In Hungary, we have limited published information about the occurrence of Hyalomma ticks. An engorged nymph of Hy. marginatum has been reported from a hedgehog (Erinaceus roumanicus) living in a Budapest city park (Földvári et al., 2011) and two larvae and a nymph were identified from robins (Erithacus rubecula) (Hornok et al., 2013) sampled to the south of the capital. Three Hy. rufipes nymphs were reported from a common whitethroat (Sylvia communis) in another study (Hornok et al., 2016). The presence of antibodies against CCHFV has also been detected in Hungarian hares (Lepus europaeus) (Németh et al., 2013), rodents (Földes et al., 2019) and recently in humans as well (Magyar et al., 2021).

Based on these previous findings, the aim of the present research was to obtain a comprehensive, nationwide picture of the occurrence of adult Hyalomma ticks in Hungary through a citizen science approach. This kind of documentation is of great epidemiological importance because this is the first step for the prevention of emerging pathogens according to the DAMA (Document, Assess, Monitor, Act) protocol (Brooks et al., 2014). Based on this, we plan to continuously document the appearance of pathogens, their vectors and reservoir hosts; then, after appropriate scientific analyses (Assess), we will be able to identify the organisms that pose a threat and manage their targeted surveillance (Monitor). That will provide sufficient evidence for decision makers to take appropriate preventive measures (Act) (Brooks et al., 2019).

2. MATERIALS AND METHODS

2.1. Tick and data collection

Between April and December 2021, ticks were collected under the frame of a citizen‐science project (https://www.kullancsfigyelo.hu) for monitoring the emergence and possible establishment of Hyalomma spp. in Hungary. Participants were asked through the self‐made website to look for adult hard ticks on themselves, their pets and livestock. Attention was called to specimens larger than usual with visible stripes on their legs and with apparently quick movement. To enhance visibility, the project was intensively communicated in local and national on‐line media outlets, local and national television and radio channels and social media platforms.

Ticks were reported either by images sent by e‐mail or delivered to the Institute of Evolution, Centre for Ecological Research, personally or by mail. Information about safe removal, storage and postage of tick specimens was provided on the project website.

2.2. Morphological identification of ticks

Ticks received by mail or in person were kept at 4°C and examined alive. Specimens were identified with a Nikon SMZ800N stereomicroscope using appropriate morphological characters and identification keys (Estrada‐Peña et al., 2018; Walker et al., 2003). The species, sex, developmental stage, engorgement state, host and place of origin of the ticks were recorded.

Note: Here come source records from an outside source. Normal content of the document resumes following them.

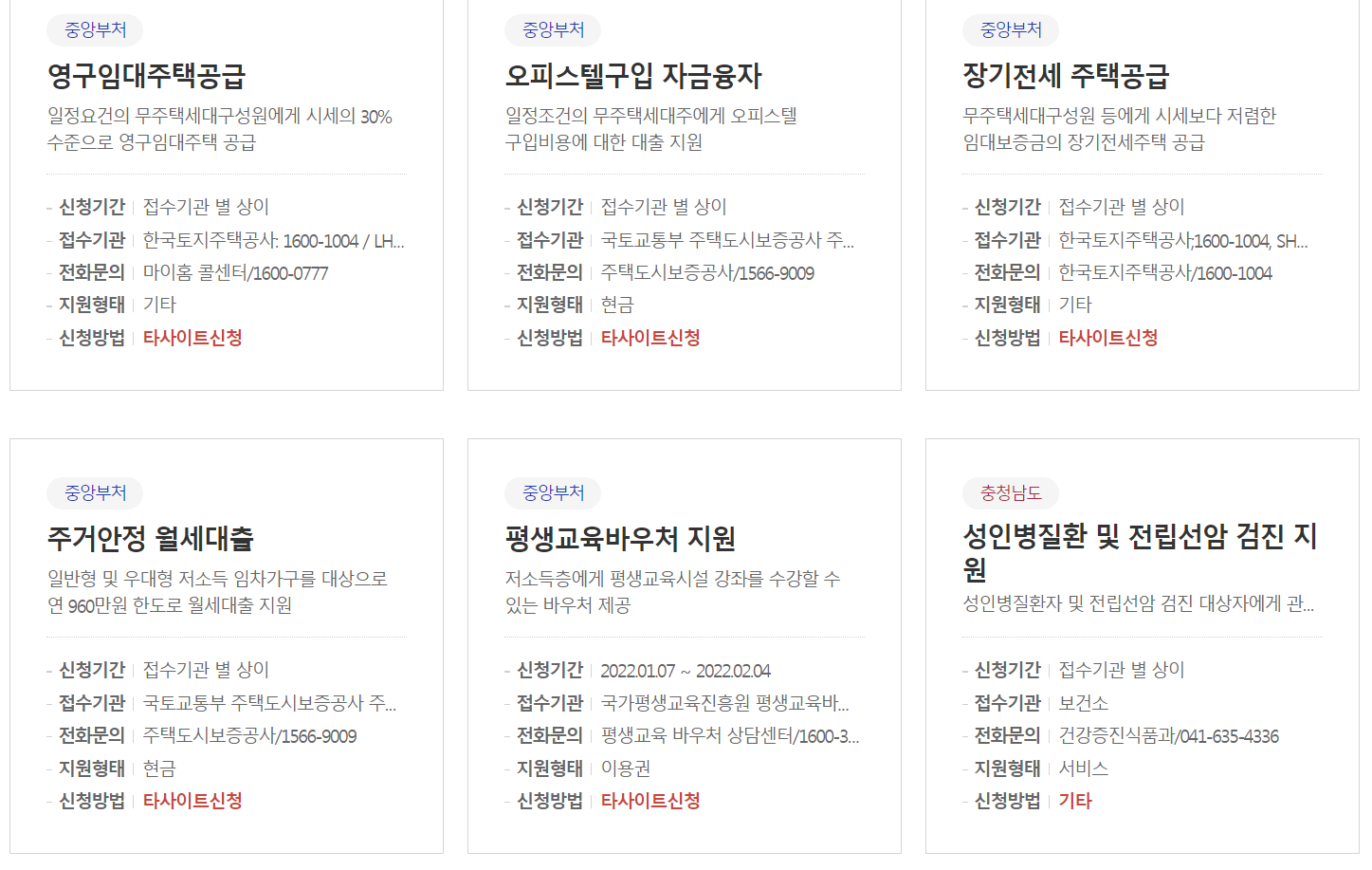 그럼 아래처럼 지원받을 수 있는 대상과 지원 내용들이 나오게 됩니다.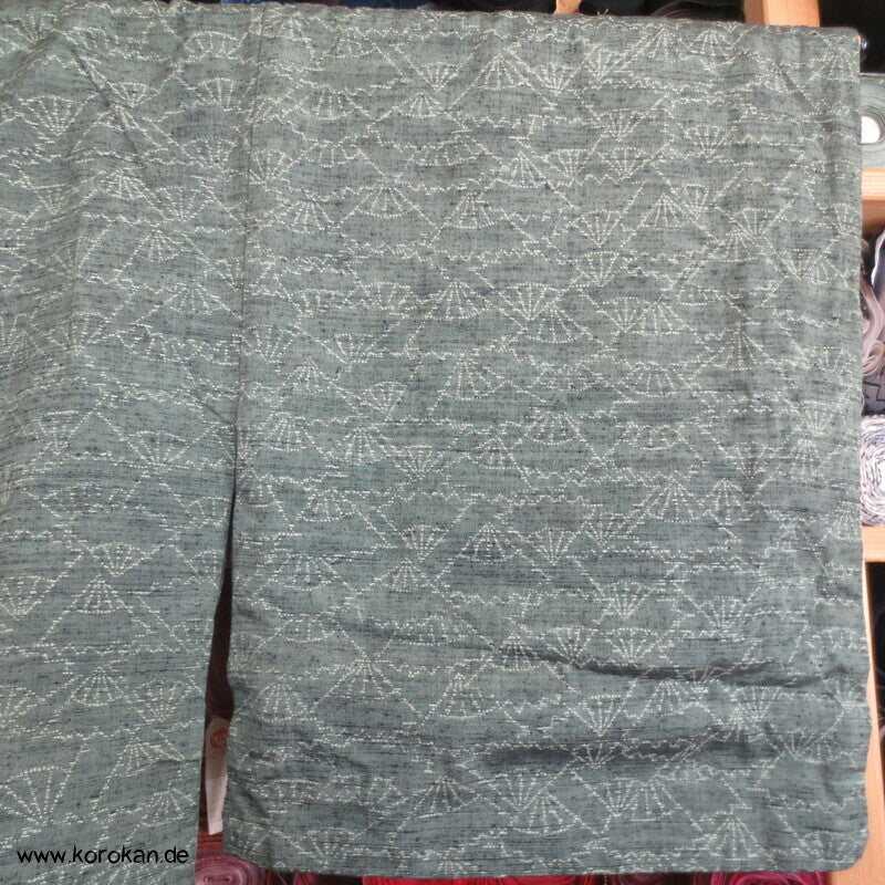 Vintage Kasuri garngefärbtes Fächermuster Tsumugi Seide Komon, oberes Futter helle Baumwolle, unteres Hakkake Futter grüne Honan Seide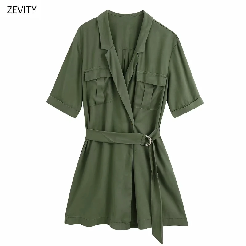 Женское повседневное мини-платье Zevity, Повседневное платье с накладными карманами и эластичным поясом в стиле safari, DS3968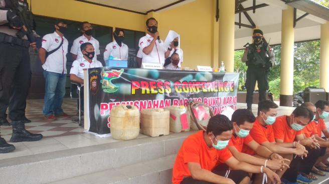 "Selama Agustus – September 2020, diungkap sebanyak 6 kasus dengan tersangka berjumlah 6 orang laki-laki dengan barang bukti, sabu-sabu seberat 9,64 gram, Ekstasi sebanyak 1 butir seberat 0,57 gram, serta Miras jenis arak putih sebanyak 80 liter, dan yang telah dimusnahkan di lokasi 11 drum.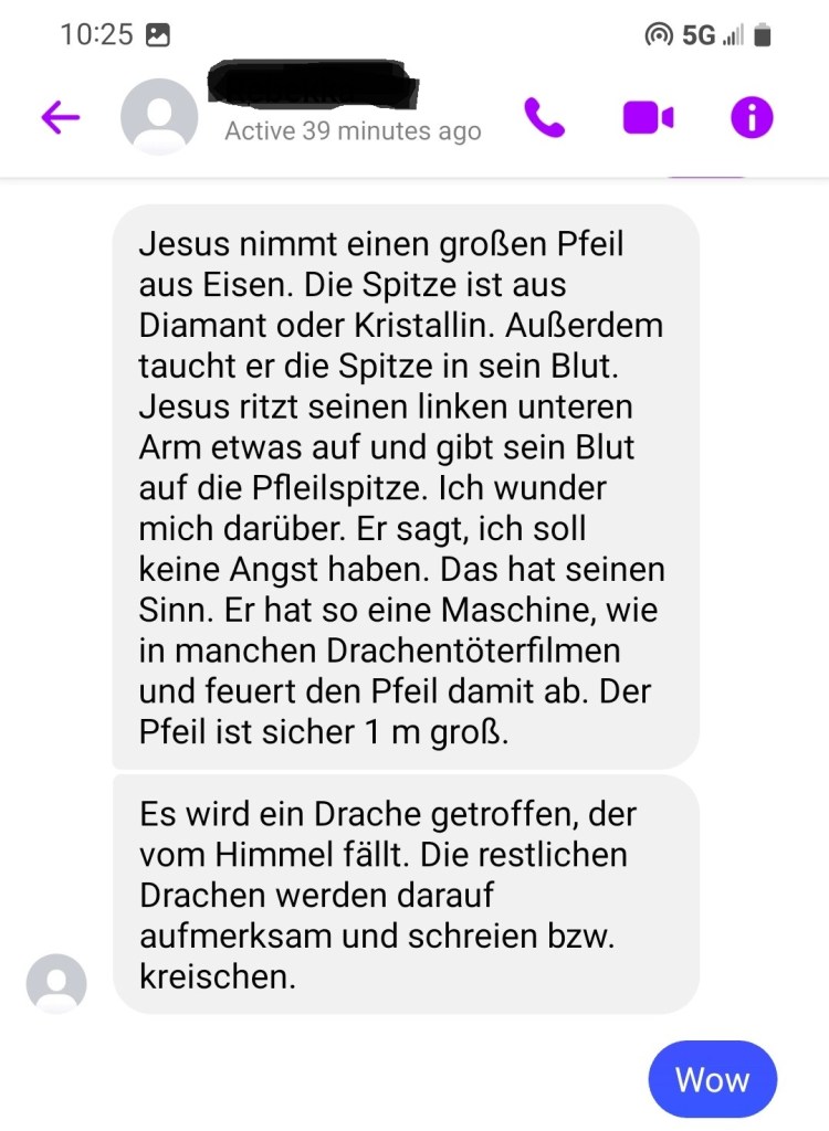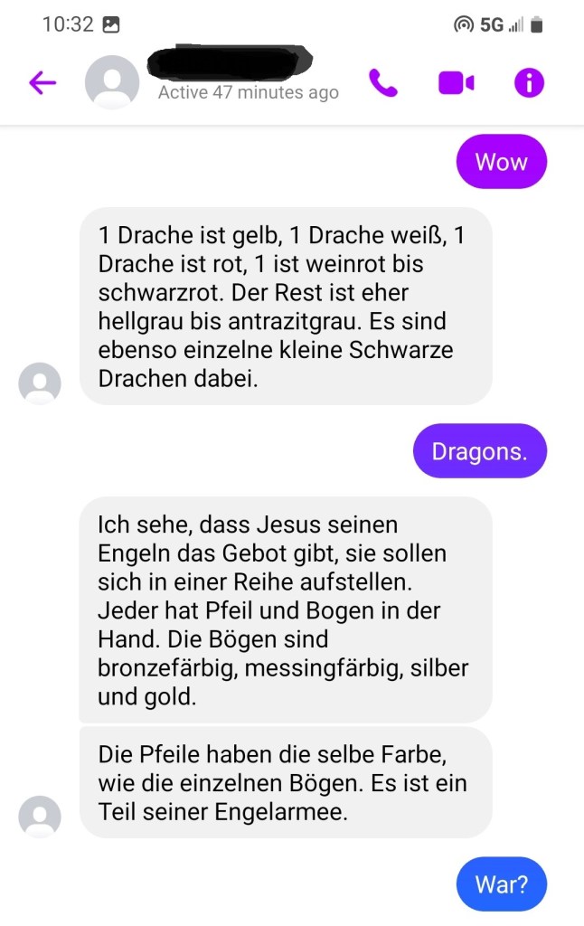 Frau asks Him for a deeper relationship, yields to His authority and immediately goes into a vision during worship. In this vision she dances with Jesus, we hit The Great Dragon Rebellion, and I destroy a dragon using information Jesus gives me from a book removed from our Biblical Canon. The following is her vision, translated from German to English: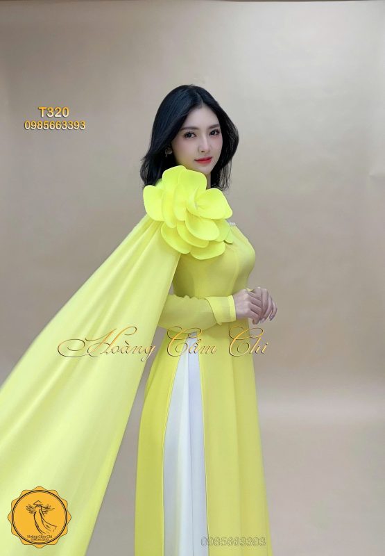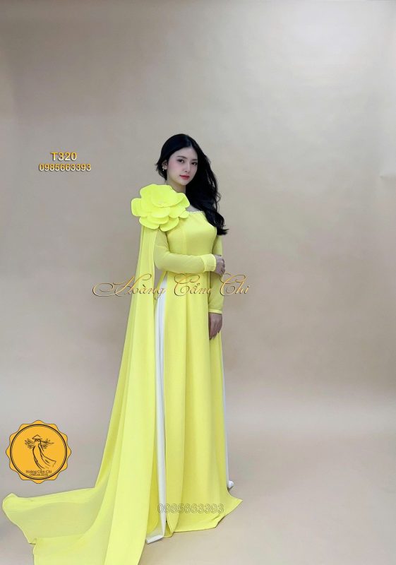 Áo dài thiết kế Đóa Hoa Kiêu Sa vàng chanh mã T320 Hoàng Cẩm Chi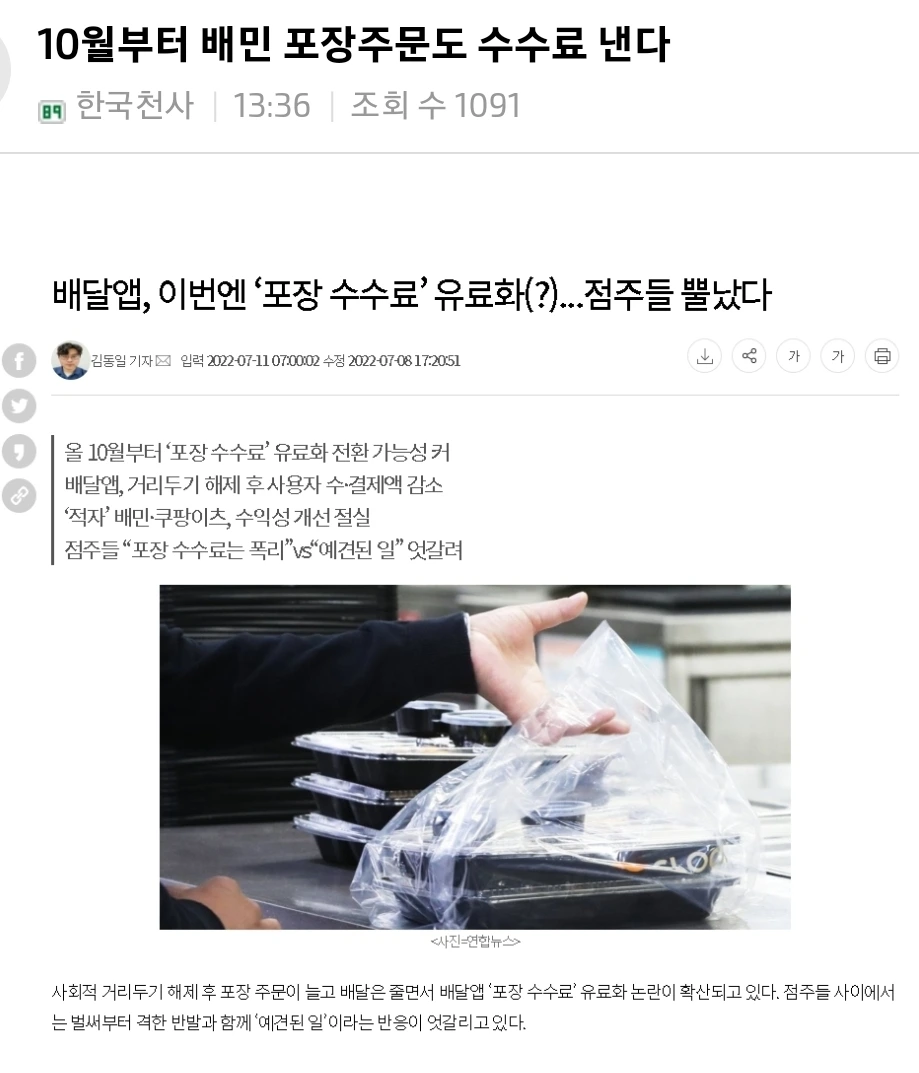 배달 플랫폼에서 만약에 포장 주문에 대한 수수료를 받겠다고 하면 받으라고 하고 그 플랫폼을 이용하지 않으면 되는 것이죠.

2.3. Molecular identification of Hyalomma ticks

Hyalomma specimens were homogenized with Bertin Minilys (Bertin Instruments, Montigny‐le‐Bretonneux, France) after freeze‐thawing three times in liquid nitrogen. Multiple beads were used in various sizes with the addition of quartz sand after the freeze‐thaw cycles and before proceeding to homogenization (Lv et al., 2014). Five hundred microlitres Dulbecco's Modified Eagle Medium was added to samples and centrifugated on 8000 rpm for 5 min. One hundred microlitres supernatant was subjected to nucleic acid extraction performed with Quick‐DNA Miniprep Plus Kit (Zymo Research, Irvine, USA) following the manufacturers instruction. A fragment (800 bp) of the mitochondrial gene cytochrome C oxidase subunit I (cox1) was amplified using previously published Cox1F and Cox1R primers, PCR setup and cycling conditions (Lv et al., 2014). The PCR products were separated on 1.5% agarose gel and cleaned up with the usage of Monarch DNA Gel Extraction Kit (New England Biolabs, Ipswich, USA). Samples were sequenced at a commercial centre in both directions (Eurofins Genomics, Ebersberg, Germany).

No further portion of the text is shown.